--- Dataset extract ---

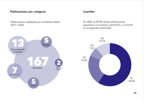 En el ámbito de la producción científica, en 2025 alcanzamos un total de 56 publicaciones científicas, con un Factor de Impacto Acumulado (FIA) de 238,4, y participamos con 21 ponencias en congresos nacionales e internacionales. Estos resultados refuerzan nuestro compromiso con la excelencia científica, la transferencia de conocimiento y el impacto real en la práctica y las políticas sanitarias.
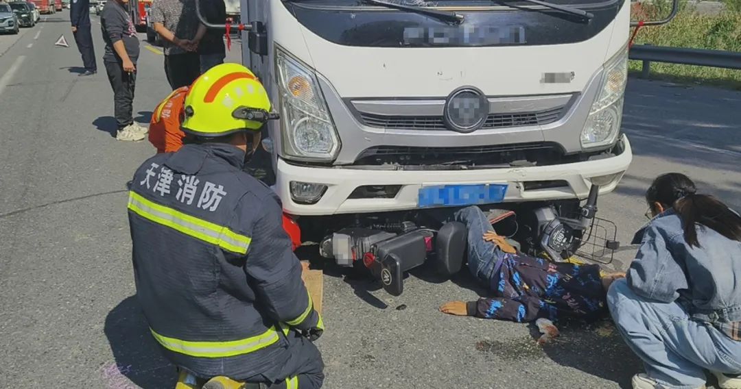 10月3日15时许,天津市武清区崔黄口镇发生交通事故。一辆箱式卡车与一辆电动自行车相撞。一个男孩的腿被卡车底部覆盖,消防队员立即赶到现场救出了这个男孩。医护人员包扎男孩后,将其抬上担架,送往医院进行紧急治疗。
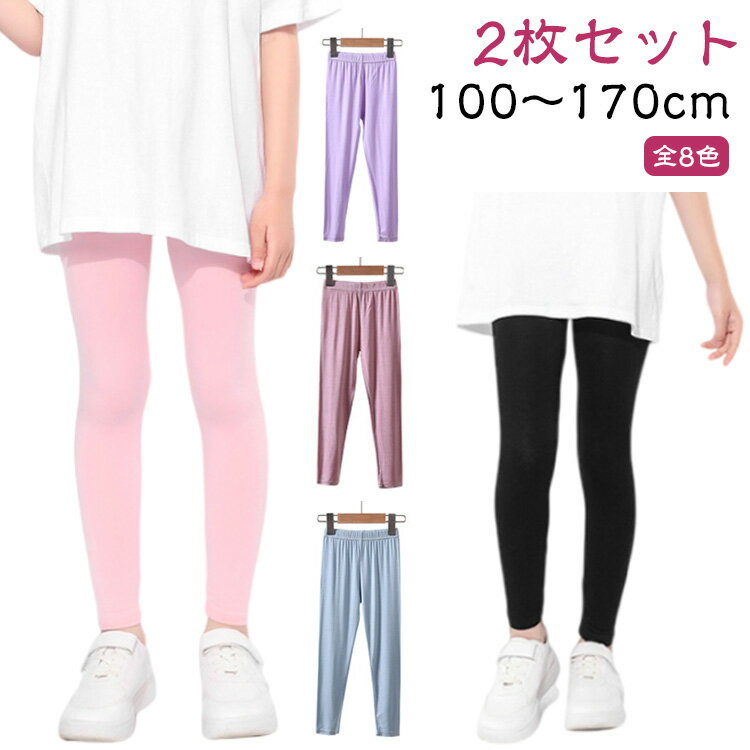 2枚セット 女の子 レギンス ジュニア 夏用 秋用 薄手 スパッツ 子供 紫外線対策 ラッシュガード ボトムス 子ども服 かわいい 伸縮 ストレッチパンツ
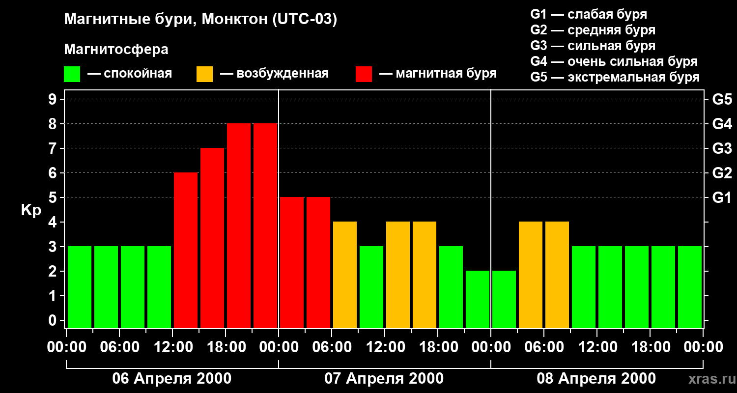 Магнитные бури в Монктоне — 8 апреля 2000 года

---

Exercise description: Copy out the listing above in full and leave out its pictures.

Solution to this problem:
 En el ámbito de la producción científica, en 2025 alcanzamos un total de 56 publicaciones científicas, con un Factor de Impacto Acumulado (FIA) de 238,4, y participamos con 21 ponencias en congresos nacionales e internacionales. Estos resultados refuerzan nuestro compromiso con la excelencia científica, la transferencia de conocimiento y el impacto real en la práctica y las políticas sanitarias.
 10月3日15时许,天津市武清区崔黄口镇发生交通事故。一辆箱式卡车与一辆电动自行车相撞。一个男孩的腿被卡车底部覆盖,消防队员立即赶到现场救出了这个男孩。医护人员包扎男孩后,将其抬上担架,送往医院进行紧急治疗。
 2枚セット 女の子 レギンス ジュニア 夏用 秋用 薄手 スパッツ 子供 紫外線対策 ラッシュガード ボトムス 子ども服 かわいい 伸縮 ストレッチパンツ
 Магнитные бури в Монктоне — 8 апреля 2000 года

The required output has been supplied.